--- WORK ORDER ---
Make an exact copy, from the records below, of the lines from the line containing "The novel includes" to the line containing "Очень хорошая кожа,аккуратно", both lines included, excluding pictures.

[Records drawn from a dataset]
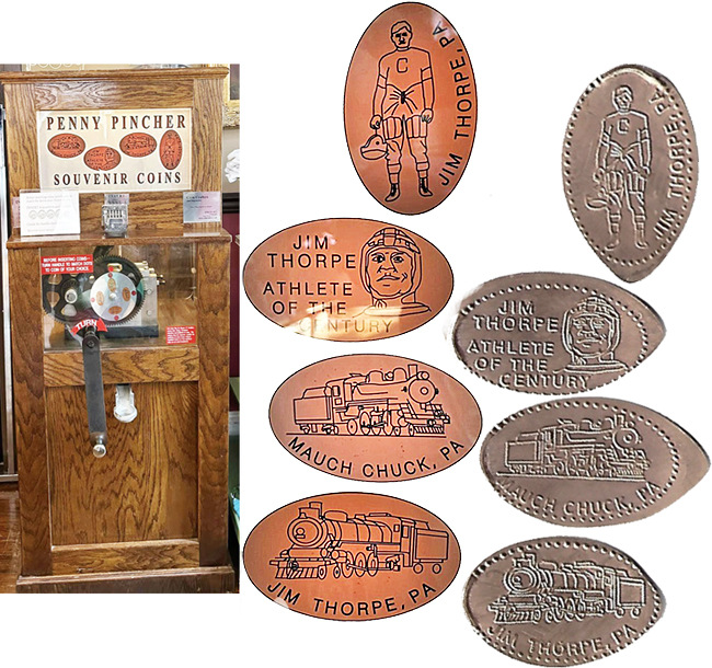 1) "Jim Thorpe, PA" with an image of Jim Thorpe in uniform holding a football,
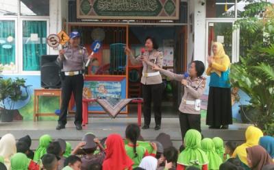 Unit Kamsel Sat Lantas Jaktim menggelar Sosialisasi Keselamatan Berlalu Lintas di SMPN 172, Cakung, Jakarta Timur, Jumat 31 Januari 2020. Sosialisasi ini digelar agar para siswa dapat mengetahui aturan dan keselamatan dalam berlalu lintas. (Foto: Twitter @TMCPoldaMetro)
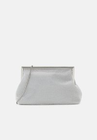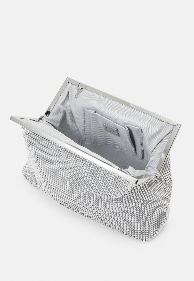 Pochette en maille argentée avec une armature métallique, un intérieur en tissu lisse et une poche zippée. Dispose d'un extérieur texturé orné de perles.
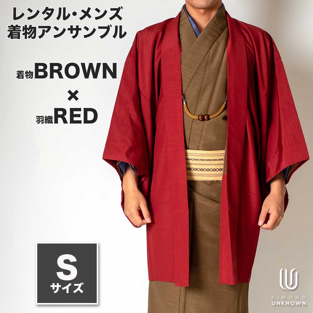 メンズ着物アンサンブル【対応身長160cm~170cm】【 Sサイズ】フルセットー着物ブラウン×羽織レッド 着流し 羽織 パパ着物 父親 春 秋 冬 着付け簡単 おしゃれ着 カジュアル 貸衣装 レンタル衣裳
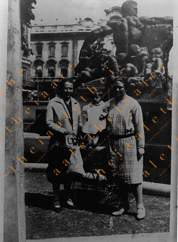 Torino, anni ’30. A destra Elvira Capraro di Cet, balia “da latte” presso la famiglia Segre.
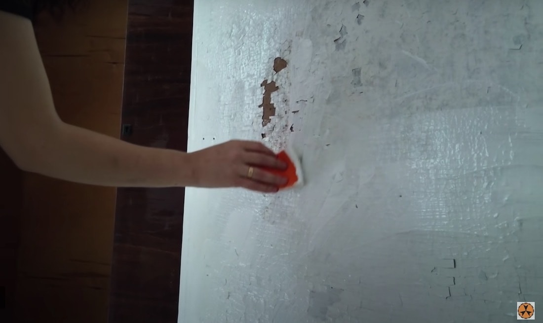 Приклеили отставшие обои, перекрасили деревянную дверь и оконные откосы прямо по осыпающейся краске.
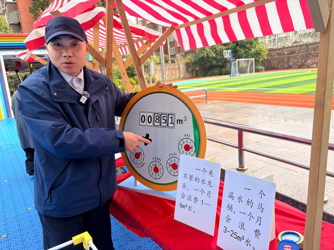同时,他还准备了一个可互动的水表模型:“学校‘啄木鸟校园护水小队’的同学们通过抄录校园内所有水表,监测月度用水量。那么水表上的数字表示什么呢?通过这个大水表,大家就都能明白啦。”
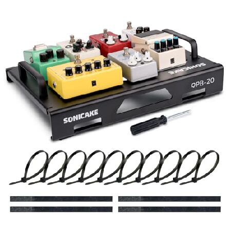 【並行輸入品】 SONICAKE ギターペダルボード、38.1 cm ギターエフェクト ライトアルミ合金ペダルボード ペダル付き マウンテンテープ、ケーブルタイ&ドライバ
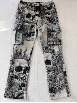 REBEL VENGEANCE Cargo Pants Tapestry Fringe Skull Skeleton Goth Mens 30x32$50Oxnard, CA
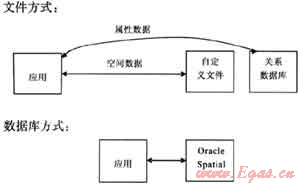 在這兩種方式中間形成了一種過(guò)渡方式:即建立一個(gè)同關(guān)系數(shù)據(jù)庫(kù)的中間處理平臺(tái),比如MapInfo的SpatialWrae產(chǎn)品,通過(guò)它將空間數(shù)據(jù)庫(kù)存放在關(guān)系型數(shù)據(jù)庫(kù)中。
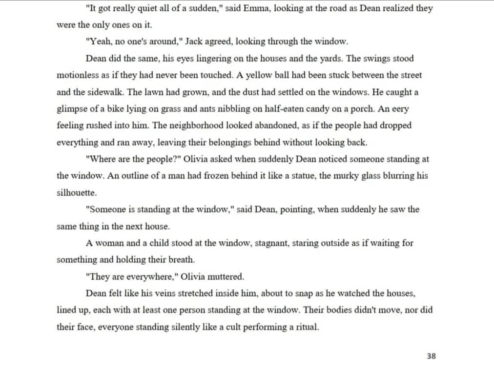 The novel includes horror, thriller, fantasy, drama, and romance and is about crypsis aliens invading the earth while a friend group fights to survive.
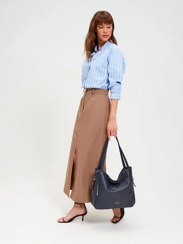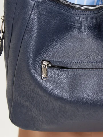 Очень хорошая кожа,аккуратно сшита,вместительна,цвет глубокий синий,как на снимке и как в описании.Сумки люблю объёмные.Благодарнось магазину за качественный товар!
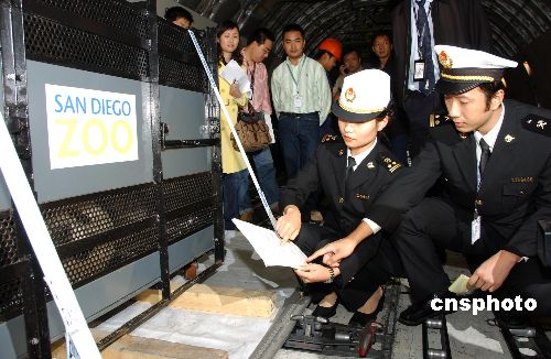 第一只在國外自然交配出生的大熊貓“美生”11月6日晚由美國飛抵上海浦東機場。“美生”到達后,即被送往上海野生動物園。這是上海海關第一次監管過境的大熊貓,所以海關人員一直陪伴在“美生”身邊。11月7日,“美生”將回到其父母的出生地——四川臥龍定居。中新社發 殷琮 攝
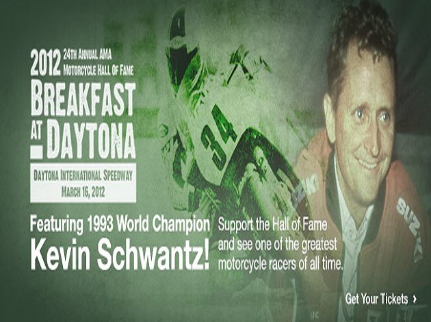 The AMA Motorcycle Hall of Fame is pleased to announce that 1993 World Roadracing Champion Kevin Schwantz will be the featured guest at its annual Breakfast at Daytona fundraiser, set for the Friday of Bike Week, March 16, at the Daytona 500 Club in the infield of Daytona International Speedway.
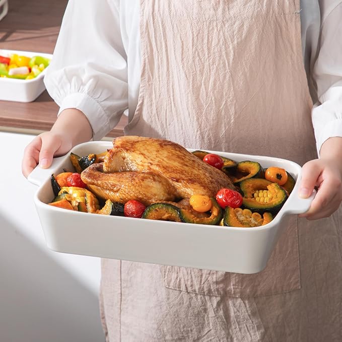 YUN TAO Casserole Dishes for Oven, Porcelain Baking Dishes, Ceramic Bakeware, Rectangular Lasagna Pans Deep with Handles for Baking Cake Kitchen,Cake Dinner,3-Piece (Set of 3, White) (White, 15.1 Inch)
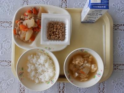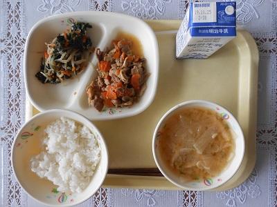 【給食メニュー】厚焼き卵、切り干し大根の煮物、じゃがいもとわかめの味噌汁です。味噌汁が身体を温めてくれました。卵の味は濃厚です。
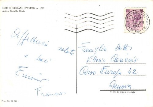 Cartolina Santo Stefano d'Aveto Castello Doria 1971
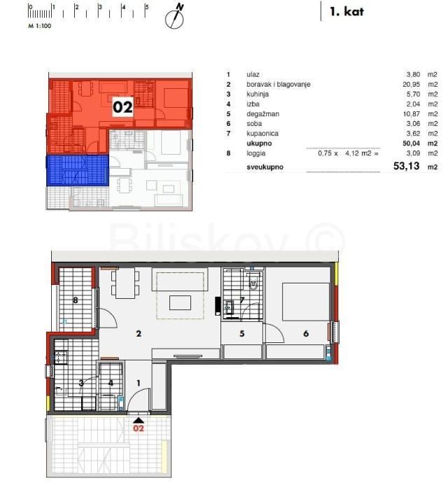 Funkcionalan dvosoban stan ukupne površine 53,13 m2 na prvom katu zgrade izgrađene 2024. godine.
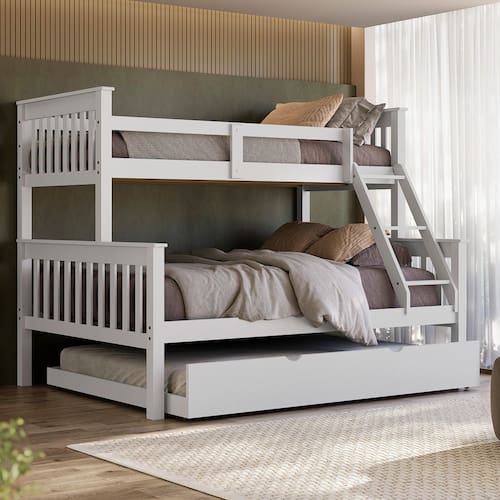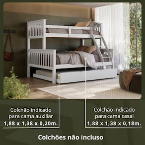 Modelo: WBL105T00246 Material: Madeira Maciça de Pinus de Reflorestamento e MDF de 2,2cm de espessura Pintura/Acabamento: Laca Branco/Castanho 30% de Brilho, Podendo Aparecer os Veios da Madeira Medidas dos Colchões da Cama de Solteiro (cm x cm x cm): 188x88x20 (Não Incluso) Medidas dos Colchões da Cama de Casal (cm x cm x cm): 188x138x18 (Não Incluso) Medidas dos Colchões da Cama Auxiliar de Casal (cm x cm x cm): 188x138x20 (Não Incluso) Peso Suportado Cama de Solteiro: 120 Kg Peso Suportado Cama de Casal: 240 Kg Peso Suportado na cama auxiliar: 240 kg Acessórios: Escada Fixa Cama auxiliar com rodízios Altura entre camas: 86cm

--- TASK RESULT ---
 The novel includes horror, thriller, fantasy, drama, and romance and is about crypsis aliens invading the earth while a friend group fights to survive.
 Очень хорошая кожа,аккуратно сшита,вместительна,цвет глубокий синий,как на снимке и как в описании.Сумки люблю объёмные.Благодарнось магазину за качественный товар!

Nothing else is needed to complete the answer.